At the Black Hoof and Bar Isabel, the neurotic, self-taught Grant van Gameren made offal sexy and became an unlikely celebrity chef. Bar Raval, his new restaurant on a prime Little Italy corner, is the most hyped opening of the year. Too bad he loathes the spotlight
Bar Raval, Grant van Gameren’s latest project, is named after a seedy neighbourhood in Barcelona. You wouldn’t know it from his elaborate plans for the place. He and his two partners, Robin Goodfellow and Mike Webster, are investing somewhere around half a million dollars to renovate the building at the corner of College and Palmerston, where Teatro used to be—a preposterous sum for a 40-seat restaurant that will serve finger food and cocktails.

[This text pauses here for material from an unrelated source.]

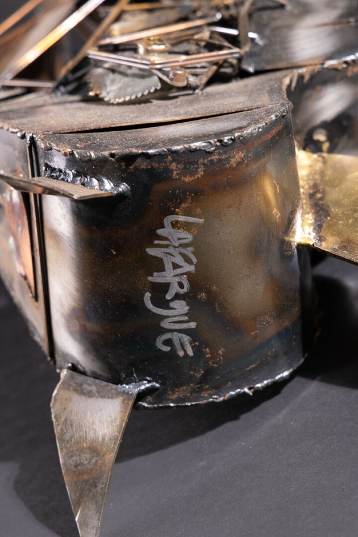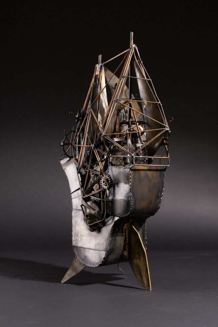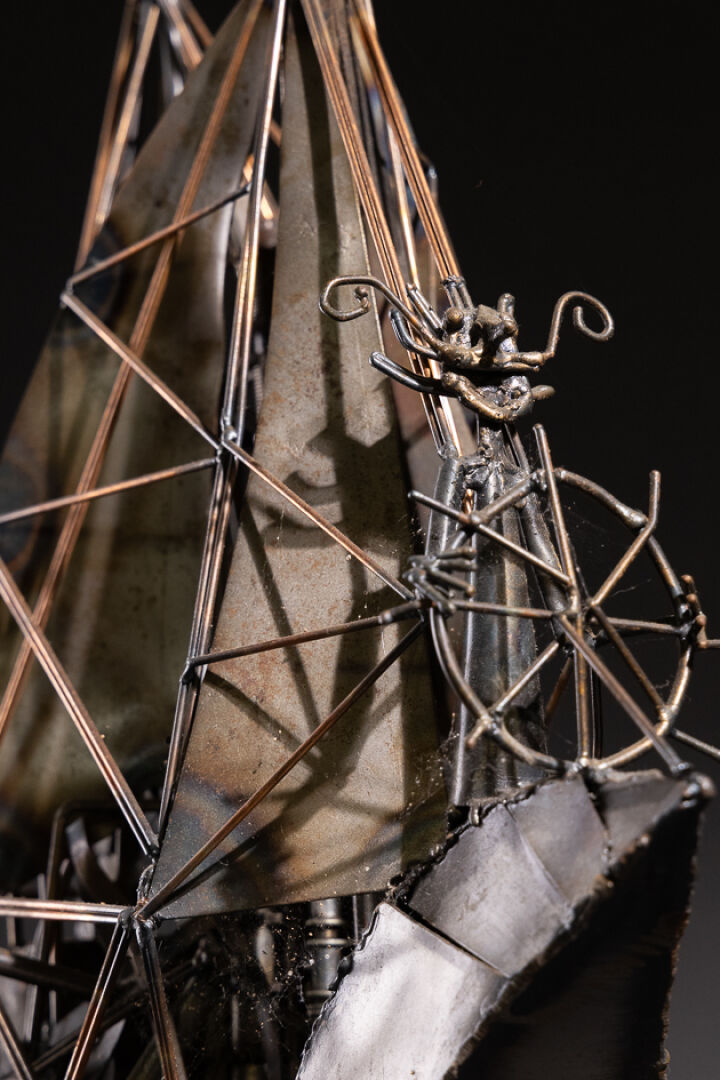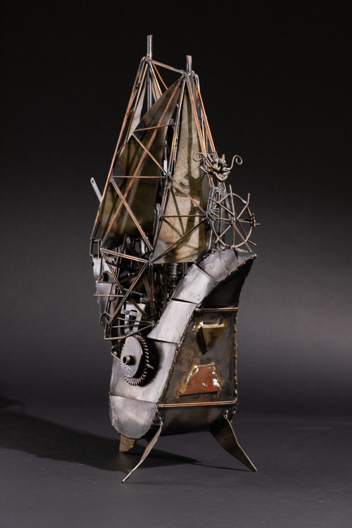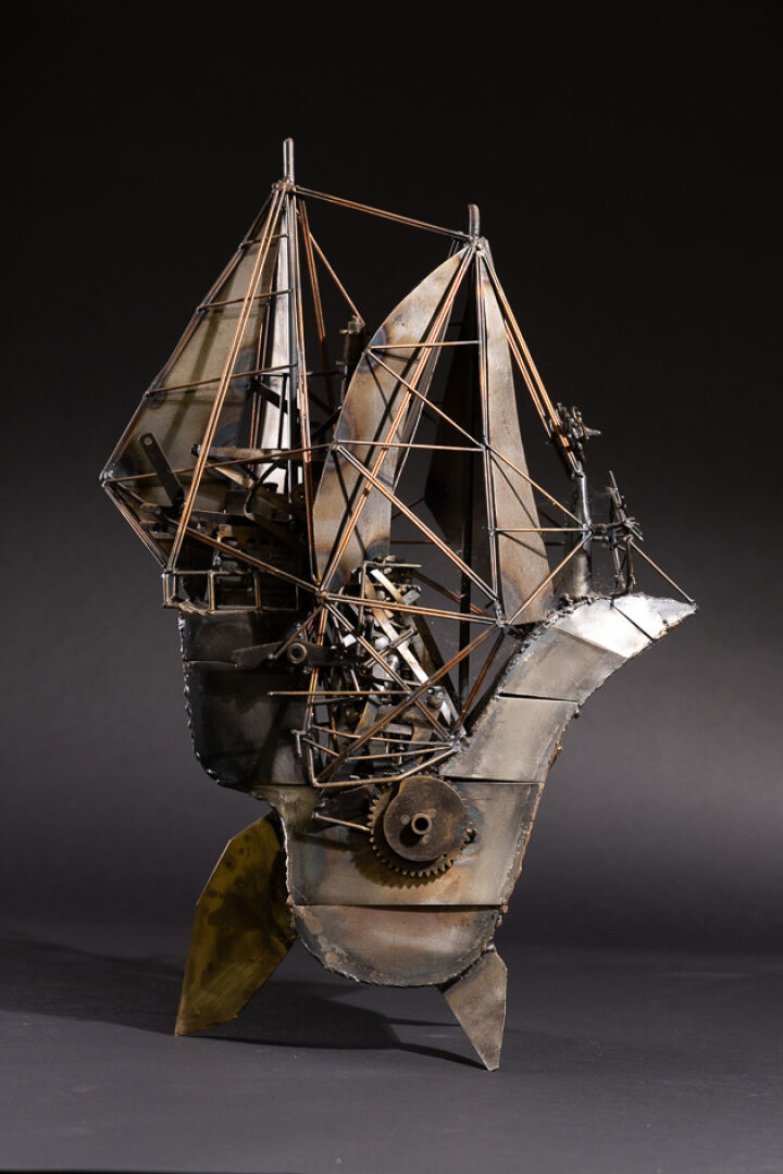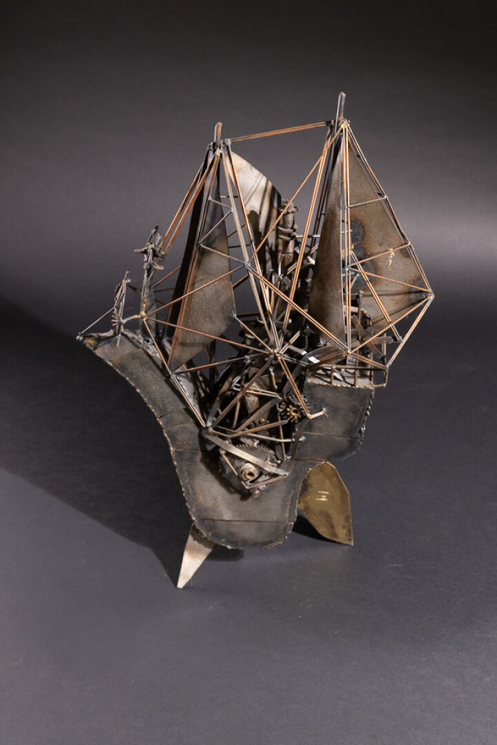 LAFARGUE (XXe siècle). Le navire au capitaine moustachu. Sculpture en métal signée au revers. Haut. : 56 cm - Larg. : 36 cm - Prof. : 22 cm

Everything, absolutely everything at Bar Raval, will be custom made: the tamper for the espresso bar, the foot rests, the drip tray with the Wu-Tang logo. The South American mahogany for the walls is being machine-carved and hand-oiled at a millworks in North York. The panels, designed by the boutique architecture firm Partisans, will have swooping rounded contours that replicate the three partners’ bodies. The design was so novel, so complex, that the manufacturers had to develop new algorithms for the software that guides the drill bits over the wood.
The project would seem hubristic if van Gameren had ever failed at a restaurant. But he hasn’t. The man’s sense of what Toronto craves has been impeccable. His food manages to fit the moment and the city with perfect accord.